Bitcoin’s value has surged in recent weeks, almost tripling from $11,381 in mid-October to $32,930 on Monday, encouraging many speculators to jump in, hoping for big returns.

However, the price has fluctuated wildly, dropping 16 per cent between Sunday and Monday.

A number of institutional investors have also got in on the act as yields on some traditional, safer investments remain low.

The Financial Conduct Authority (FCA) told ordinary savers to be extremely wary of putting their cash into the cryptocurrency boom.

“The FCA is aware that some firms are offering investments in cryptoassets, or lending or investments linked to cryptoassets, that promise high returns,” the regulator said in a statement on Monday.  

“Investing in cryptoassets, or investments and lending linked to them, generally involves taking very high risks with investors’ money.”

It added: “If consumers invest in these types of product, they should be prepared to lose all their money.”

The regulator warned that some investments advertising high returns based on cryptoassets may not be subject to regulation beyond basic anti-money laundering requirements.

It said significant price volatility, combined with the “inherent difficulties of valuing cryptoassets reliably” places consumers at high risk of losses.

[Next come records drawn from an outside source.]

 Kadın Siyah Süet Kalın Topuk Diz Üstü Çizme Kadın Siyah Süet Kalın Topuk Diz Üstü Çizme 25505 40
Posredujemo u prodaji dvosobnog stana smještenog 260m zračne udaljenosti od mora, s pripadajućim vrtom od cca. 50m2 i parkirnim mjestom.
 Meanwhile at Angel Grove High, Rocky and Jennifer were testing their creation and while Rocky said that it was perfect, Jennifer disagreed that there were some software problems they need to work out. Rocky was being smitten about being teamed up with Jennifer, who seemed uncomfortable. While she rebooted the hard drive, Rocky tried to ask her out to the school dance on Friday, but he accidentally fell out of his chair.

Companies pushing cryptocurrency-based investment products may also overstate the potential returns and it may not always be possible to convert cryptoassets back into ordinary currency, the FCA warned.

What to do

FCA recommends caution before putting any money into cryptocurrencies

Step 1: Consumers should check if the firm they’re using is on the Financial Services Register or list of firms with Temporary Registration (note: appearing on the Temporary Registration Register does not mean that the FCA has assessed them as fit and proper, nor that the FCA has determined their application for the purposes of the Money Laundering Regulations).

 

Step 2: If they’re not, consumers should ask the firm whether they are entitled to carry on business without being registered with the FCA.  

 

Step 3: If they’re not, the FCA suggests that consumers should withdraw their cryptoassets and/or money. This is because the firm is operating illegally if it has not ceased trading by 9 January 2021.

 

Visit the FCA’s Cryptoassets pages for more information.

Several sites offering investments in cryptocurrency have disappeared with people’s money since bitcoin was invented in 2009.

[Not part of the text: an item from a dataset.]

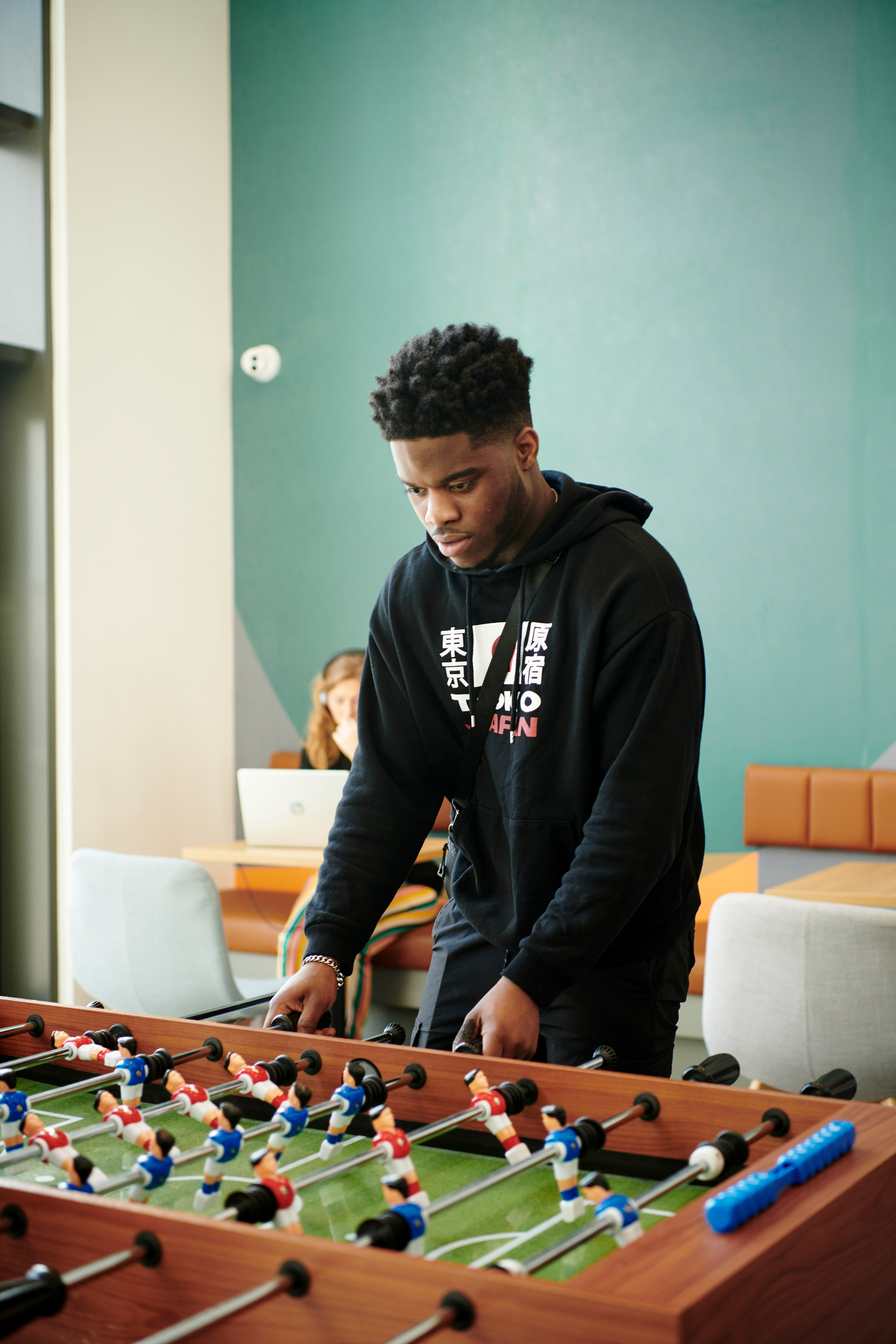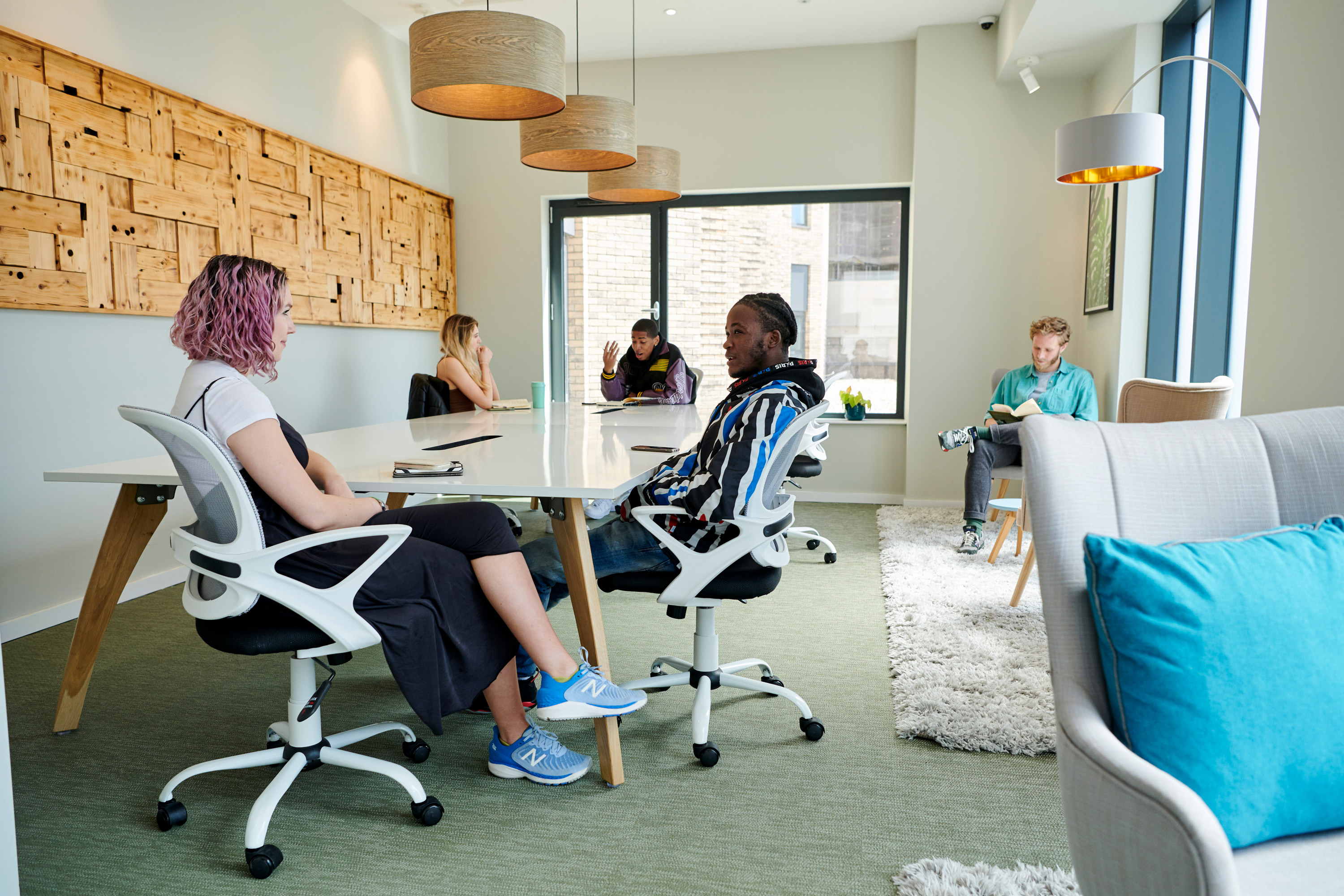 What’s student accommodation without somewhere to meet and study? We fill our spaces with comfy chairs and sofas, and a range of tables designed to host everything from laptops and coffee cups to ping-pong games and table football.

Some analysts have touted crytpocurrencies as a hedge against inflation or even as a safe haven during turbulent economic times, akin to “digital gold”.

But the value of the digital coin has frequently fallen as rapidly as it has risen, meaning large gains by some have come alongside significant losses for others.

The total value of all bitcoin in circulation was $619bn on Monday, according to CoinMarketCap.com.